Потом вскинула на спину дорожный мешок и решительно пошла через сад к калитке и вниз по склону холма — к лесу.

Юной Луне и раньше приходилось путешествовать — вместе со Старой Совой. Она знала, как отыскать дорогу в лесу, как развести костер и как приготовить на нем еду; ей не раз приходилось ночевать и под открытым небом, и в гостинице, а то и просто в крестьянском доме. Так что теперь ничто из этого ее не смущало: и в одиночку пока что у нее получалось неплохо.

У нее не было ни малейших причин чувствовать странность собственного теперешнего положения, однако же она ее чувствовала постоянно. Она казалась себе обманщицей, самозванкой; она все время ожидала, что любой встречный может спросить, а достаточно ли она уже взрослая, чтобы одной скитаться по дорогам.

Она-то думала, что уже в полной мере познала одиночество дома. Но оказалось, что она успела лишь поверхностно познать его, увидеть лишь самый его краешек.

При ходьбе очень хорошо думалось, и она думала, поглядывая по сторонам, и видела, как из влажной земли вылезают скрученные в кольца побеги папоротника, как солнце играет в желтых чашечках диких крокусов, как ворон ухаживает за самочкой…

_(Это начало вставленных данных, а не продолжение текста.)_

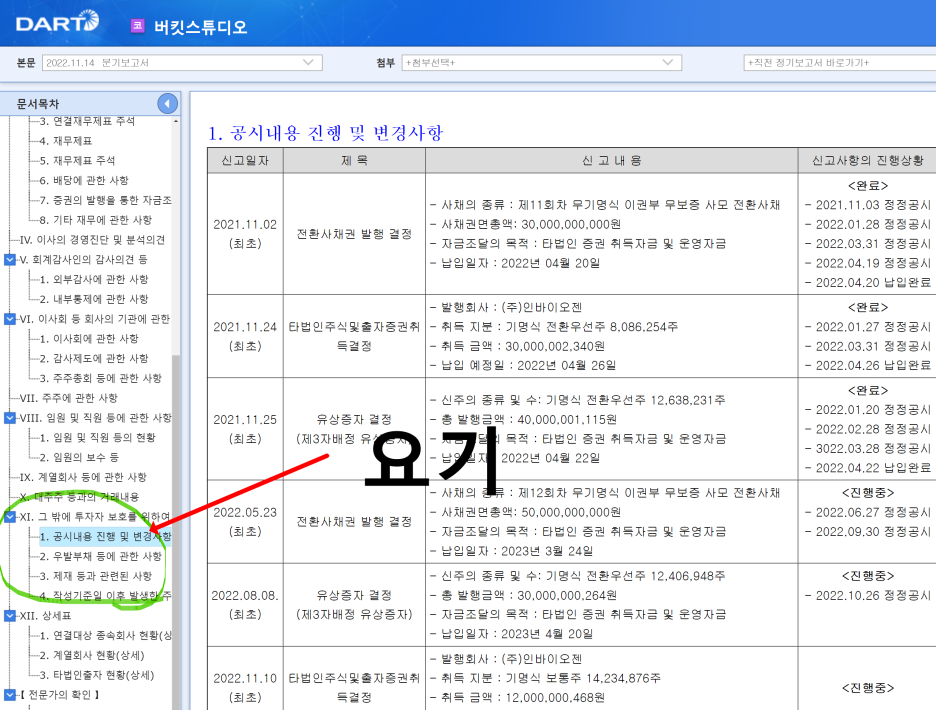 신주인수권, 전환사채 등의 발행 상황과 잔여 물량을 환인할 수 있다. 오버행 가능 여부등 수급상황을 파악할수도 있어요.

Вот только не имело смысла показывать на это пальцем и кричать: «Ой, смотри!» — потому что глаза уже увидели все это сами.

Полное одиночество заставляло Юную Луну воспринимать окружающее как нечто не совсем реальное. И с каждой ночью ей становилось все труднее заставить себя разжечь костер, и почти совсем не хотелось есть…

Но каждый вечер на закате она непременно ударяла в барабан Старой Совы. И каждый раз он отвечал ей молчанием, и каждый раз она снова бывала до глубины души потрясена этим молчанием и своей тяжкой утратой.

Целых шесть дней она шла лесом, минуя деревни и отдельные крестьянские дома. Погода стояла ясная и сухая, и было совсем не похоже на раннюю весну, а на шестой день, стоило ей выйти в путь, как поднялся пронизывающий ветер и по небу поплыли низкие свинцовые тучи. Дорога, правда, стала ровнее и шире, да и люди попадались чаще — на телегах и в крытых повозках, верхом и пешком. В полдень Юная Луна остановилась, чтобы перекусить, в какой-то гостинице, довольно большой и полной посетителей.

Парнишка, принесший ей чай, был обладателем целой копны белокурых волос и веселой беспокойной мордашки.

— У нас еще пирог очень вкусный, хоть уже и холодный, — сказал он, прежде чем она успела его спросить. — С крольчатиной и грибами! И суп-пюре из кабачков тоже хороший. Ты только ветчину не заказывай… По-моему, этого кабана неправильно зарезали. Ветчина просто ужасная!